Lantas, Albert yang juga merupakan Juru Bicara Rancangan Kitab Undang-Undang Hukum Pidana (RKUHP) sempat mengutip pendapat dari Profesor Jacob Maarten Van Bemmelen seorang ahli hukum pidana asal Belanda.
"Ketika seseorang menerima perintah jabatan dari penguasa atau pejabat yang berwenang maka sesungguhnya Prof Van Bemmelen dalam bukunya hukum pidana 1 mengatakan si penerima perintah ini sesungguhnya dalam keadaan terpaksa," jelasnya.
"Karena dia menghadapi konflik, apa itu konfliknya adalah disatu sisi dia tidak boleh melakukan suatu tindak pidana dan kemungkinan kalau dia melakukan tindak pidana dapat dipidana. Tapi disatu sisi ada perintah jabatan yang harus ditaati atau dilaksanakan oleh si penerima perintah tersebut," tambah Albert.

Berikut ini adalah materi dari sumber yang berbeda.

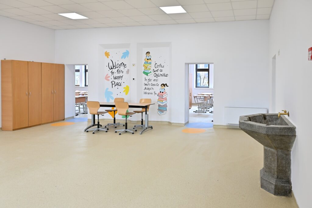 Dotarea cu mobilier și echipamente IT (computere, table inteligente, sound bar, routere WiFi, etc) a fost realizată în cadrul unui alt proiect finanțat din fonduri europene, prin care Primăria Sibiu a achiziționat astfel de dotări pentru toate unitățile de învățământ preuniversitar din Sibiu, în funcție de cererile formulate de conducerea acestora. Reamintim că astfel de lucrări, de eficientizare energetică rămân în curs la 6 unități de învățământ, planificate să se încheie anul acesta: grădinița Elefănțelul Curios, școala N. Iorga, școala nr. 25, Colegiul A. Șaguna, Colegiul O. Goga și Liceul O. Ghibu. Pentru alte 4 clădiri de grădinițe, 2 clădiri de școli și la fostul orfelinat Maria Tereza, finanțarea este obținută și urmează începerea lucrărilor.
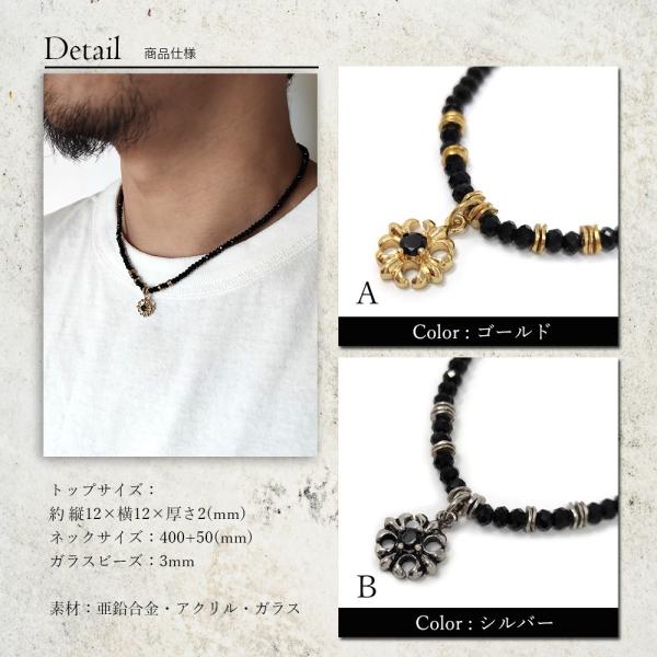 メンズ ネックレス ブラックスピネル タイプ ブラックガラスビーズ ペンダント
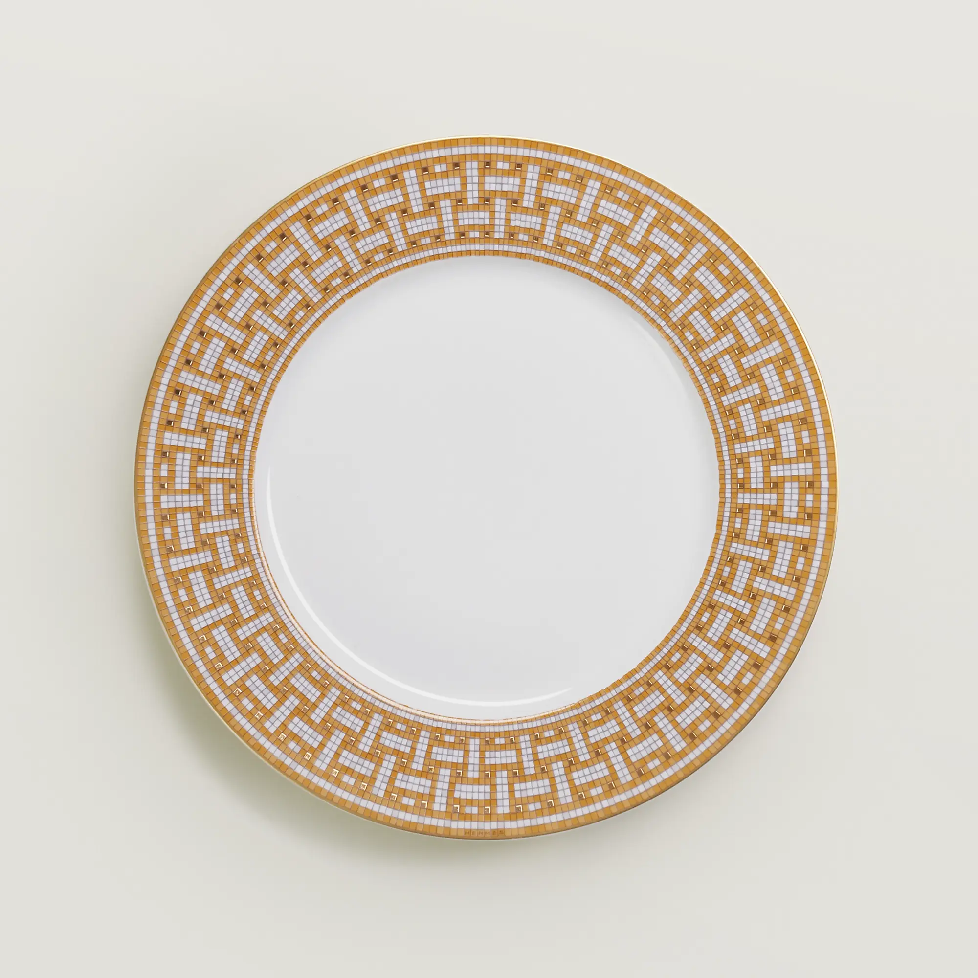 Фарфоровая обеденная тарелка. Декор выполнен вручную методом трафаретной печати с золотым покрытием. В коллекции Mosaïque 24 gold использованы геометрические фризы, воспроизводящие оригинальные дизайнерские коды магазина по адресу Фобур Сент-Оноре, 24 в Париже. Сделано во Франции. Дизайн Бенуа Пьера Эмери.
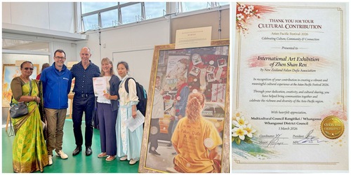 Due donne Maori hanno affermato di sentirsi rigenerate dopo aver visitato la mostra d'arte. Hanno anche provato gli esercizi della Falun Dafa e hanno detto di aver sentito una forte energia avvolgere le loro braccia mentre eseguivano il secondo esercizio.
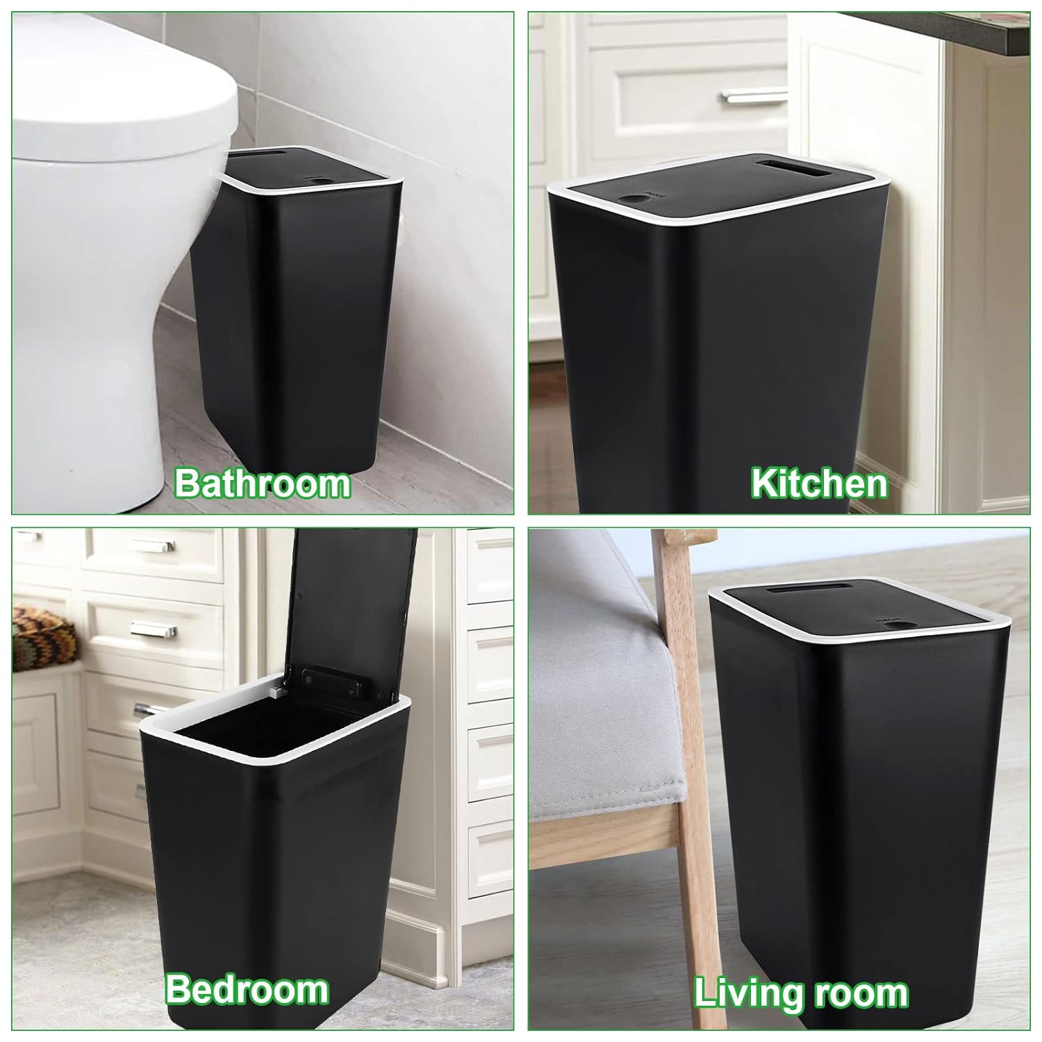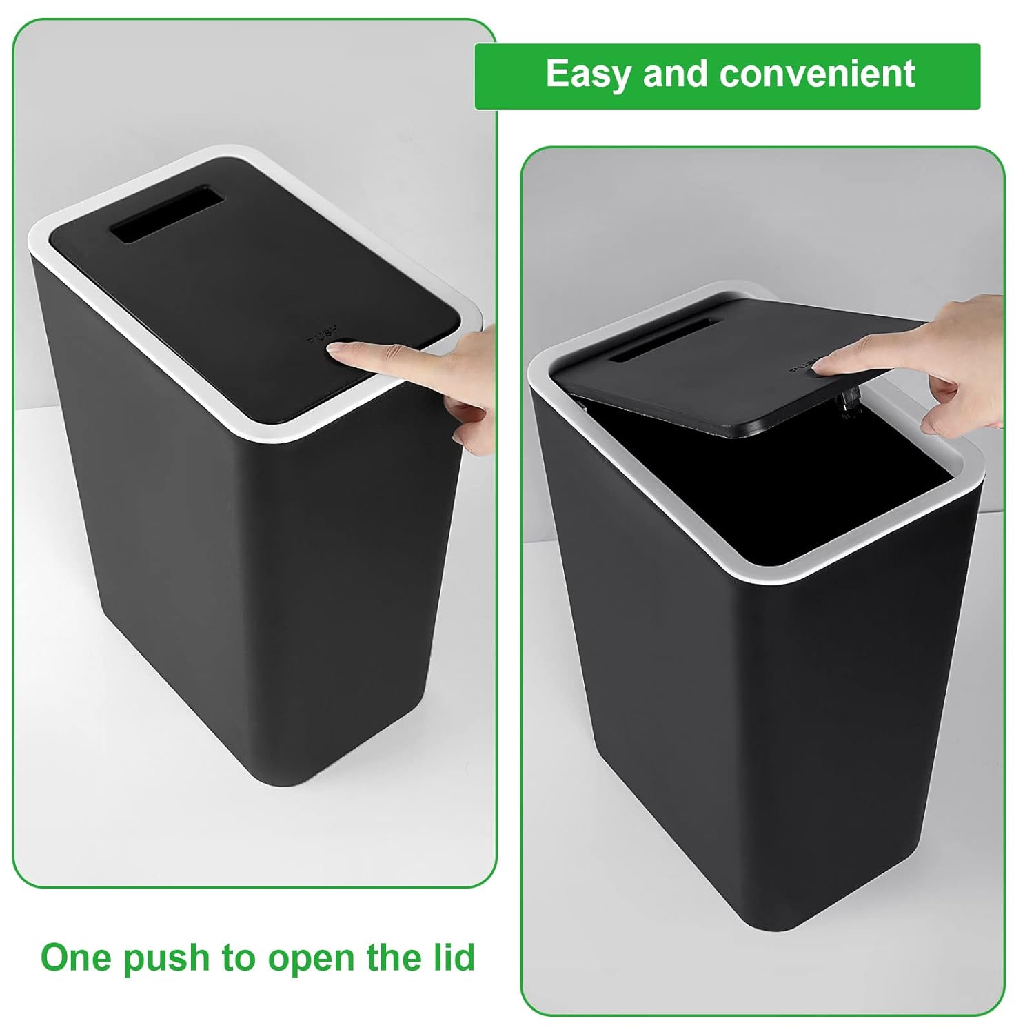 HIGH QUALITY MATERIAL: The waste bin is made of high quality PP plastic, sturdy and durable. The surface is waterproof and easy to clean.

Sehingga, dari pengertian yang dijabarkan Albert dalam konteks perkara pembunuhan berencana Brigadir J. Bharad E seraya dihadapkan dua konflik soal perbuatan pidana yang seharusnya dihindari namun satu sisi perintah itu datang atas asas jabatan atasan yang harus ditaati.

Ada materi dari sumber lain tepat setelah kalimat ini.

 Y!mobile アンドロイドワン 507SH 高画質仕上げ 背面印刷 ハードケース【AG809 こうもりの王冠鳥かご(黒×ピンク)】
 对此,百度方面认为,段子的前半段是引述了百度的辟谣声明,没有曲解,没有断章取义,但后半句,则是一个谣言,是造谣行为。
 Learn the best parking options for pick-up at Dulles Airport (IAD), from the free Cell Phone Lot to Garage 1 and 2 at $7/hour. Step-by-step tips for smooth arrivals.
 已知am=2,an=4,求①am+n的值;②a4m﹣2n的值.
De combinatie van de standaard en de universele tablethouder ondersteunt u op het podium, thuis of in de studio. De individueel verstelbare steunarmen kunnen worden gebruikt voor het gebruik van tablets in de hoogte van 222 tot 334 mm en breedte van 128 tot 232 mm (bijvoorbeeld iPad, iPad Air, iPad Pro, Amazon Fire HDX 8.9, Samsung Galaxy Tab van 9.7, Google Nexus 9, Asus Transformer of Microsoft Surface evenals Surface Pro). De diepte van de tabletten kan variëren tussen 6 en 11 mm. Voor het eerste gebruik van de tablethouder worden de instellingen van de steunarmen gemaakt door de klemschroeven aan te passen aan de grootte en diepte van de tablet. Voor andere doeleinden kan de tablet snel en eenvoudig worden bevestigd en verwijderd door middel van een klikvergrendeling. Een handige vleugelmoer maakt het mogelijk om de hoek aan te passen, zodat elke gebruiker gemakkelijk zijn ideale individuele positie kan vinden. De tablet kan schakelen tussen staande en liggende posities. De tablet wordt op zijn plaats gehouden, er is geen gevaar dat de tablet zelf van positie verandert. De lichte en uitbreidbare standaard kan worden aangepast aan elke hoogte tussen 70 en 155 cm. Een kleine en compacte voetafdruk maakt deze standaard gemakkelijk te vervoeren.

Sebagai informasi, Pasal 51 KUHP Ayat 1, Barangsiapa melakukan perbuatan untuk melaksanakan perintah jabatan yang diberikan oleh penguasa yang berwenang, tidak dipidana.
Pasal 51 KUHP Ayat 2, Perintah jabatan tanpa wewenang, tidak menyebabkan hapusnya pidana, kecuali jika yang diperintah mengira dengan itikad baik bahwa perintah diberikan dengan wewenang dan pelaksanaannya termasuk dalam lingkungan pekerjaannya.

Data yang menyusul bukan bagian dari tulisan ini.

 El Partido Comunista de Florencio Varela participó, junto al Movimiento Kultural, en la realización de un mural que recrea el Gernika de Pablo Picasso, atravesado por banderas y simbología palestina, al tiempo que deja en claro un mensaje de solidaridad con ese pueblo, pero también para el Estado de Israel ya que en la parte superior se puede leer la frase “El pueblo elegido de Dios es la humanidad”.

Dakwaan Pembunuhan Berencana
Dalam perkara ini Jaksa Penuntut Umum (JPU) telah mendakwa total lima tersangka yakni, Ferdy Sambo, Putri Candrawathi, Richard Eliezer alias Bharada E, Ricky Rizal alias Bripka RR, dan Kuat Maruf.
Mereka didakwa turut secara bersama-sama terlibat dengan perkara pembunuhan berencana bersama-sama untuk merencanakan penembakan pada 8 Juli 2022 di rumah dinas Komplek Polri Duren Tiga No. 46, Jakarta Selatan.
"Mereka yang melakukan, yang menyuruh melakukan, dan turut serta melakukan perbuatan, dengan sengaja dan dengan rencana terlebih dahulu merampas nyawa orang lain," ujar jaksa saat dalam surat dakwaan.
Atas perbuatannya, kelima terdakwa didakwa sebagaimana terancam Pasal 340 subsider Pasal 338 KUHP juncto Pasal 55 KUHP yang menjerat dengan hukuman maksimal mencapai hukuman mati.
Sedangkan hanya terdakwa Ferdy Sambo yang turut didakwa secara kumulatif atas perkara dugaan obstruction of justice (OOJ) untuk menghilangkan jejak pembunuhan berencana.
Atas hal tersebut, mereka didakwa melanggar Pasal 49 juncto Pasal 33 dan/atau Pasal 48 ayat (1) juncto Pasal 32 ayat (1) UU ITE Nomor 19 Tahun 2016 dan/atau Pasal 221 ayat (1) ke 2 dan 233 KUHP juncto Pasal 55 KUHP dan/atau Pasal 56 KUHP.
"Timbul niat untuk menutupi fakta kejadian sebenarnya dan berupaya untuk mengaburkan tindak pidana yang telah terjadi," sebut Jaksa.